Directions ▸ Copy, exactly and without additions, every line in the records below from the one holding "Kështu është bërë" through the one holding "Lyxig modulsoffa i", both ends included.

Data provided ▸
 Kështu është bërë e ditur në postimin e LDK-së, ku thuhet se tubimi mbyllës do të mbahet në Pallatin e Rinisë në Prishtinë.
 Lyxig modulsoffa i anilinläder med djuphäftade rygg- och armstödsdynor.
==
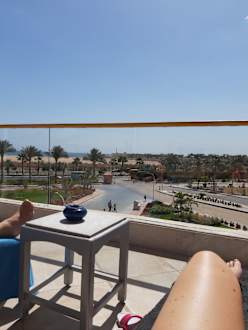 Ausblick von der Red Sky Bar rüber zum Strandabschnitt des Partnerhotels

Expected answer ▸
 Kështu është bërë e ditur në postimin e LDK-së, ku thuhet se tubimi mbyllës do të mbahet në Pallatin e Rinisë në Prishtinë.
 Lyxig modulsoffa i anilinläder med djuphäftade rygg- och armstödsdynor.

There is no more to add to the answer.